Pier Paolo ha deciso di rispondere a quella lettera, si siede al tavolo e comincia a scrivere, a raccontare al fratello lo strazio che la sua morte ha provocato:

«Hai udito come la mamma gridava, chiamandoti? Ora essa è qui, seduta, che tace. Se tu la vedessi, come la riconosceresti! L’infinito dolore che le hai dato non l’ha segnata, è sempre la nostra giovinetta, col suo viso carissimo della mattina, quando non ha ancora fatto la toeletta, e sfaccenda e s’affatica per casa».

Pier Paolo guarda la madre, ha messo uno dei suoi fazzoletti chiari sui capelli, adesso è tranquilla, anche se ha urlato tutta la notte. Sembra la stessa, ma forse no, la piega della bocca è diversa, trasformata in una smorfia di dolore.

Riprende la penna: «E quindi tu ti meraviglierai come io possa aver preso la penna in mano, e incominciato a scriverti; me ne sarei meravigliato anch’io, solo tre giorni fa, benché coi pensieri di questa specie mi sia da molti mesi approfondito. Ma a che serve la nostra meraviglia? Ecco una realtà: tu laggiù un giorno di questo inverno, morto su un prato, o chissà dove; ed ecco un’altra realtà: io che ora, in questa stanzetta di Versuta, che tu hai conosciuto quando non vi avevamo ancora trasportato i mobili, io che ora ti scrivo».

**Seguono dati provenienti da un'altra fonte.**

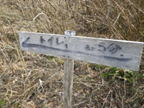 三叉路を内ヶ磯方面へ 12時25分 先程の三叉路に戻ってきた。 表示をしっかり確認して右の内ヶ磯方面に進む。 文字が薄い |

Guido lo guarda dalla foto di quando aveva quattordici anni: quel ragazzino fiero, che amava leggere e cacciare, a diciannove anni sarebbe partito per andare a combattere sui monti, con un tascapane pieno di bombe a mano ricoperte da uno strato di panini imbottiti preparati dalla madre, una rivoltella, e i Canti orfici di Dino Campana per fargli compagnia.

Bibliografia

Pier Paolo Pasolini, La meglio gioventù, Sansoni

Pier Paolo Pasolini, Poesie a Casarsa, Ronzani editore.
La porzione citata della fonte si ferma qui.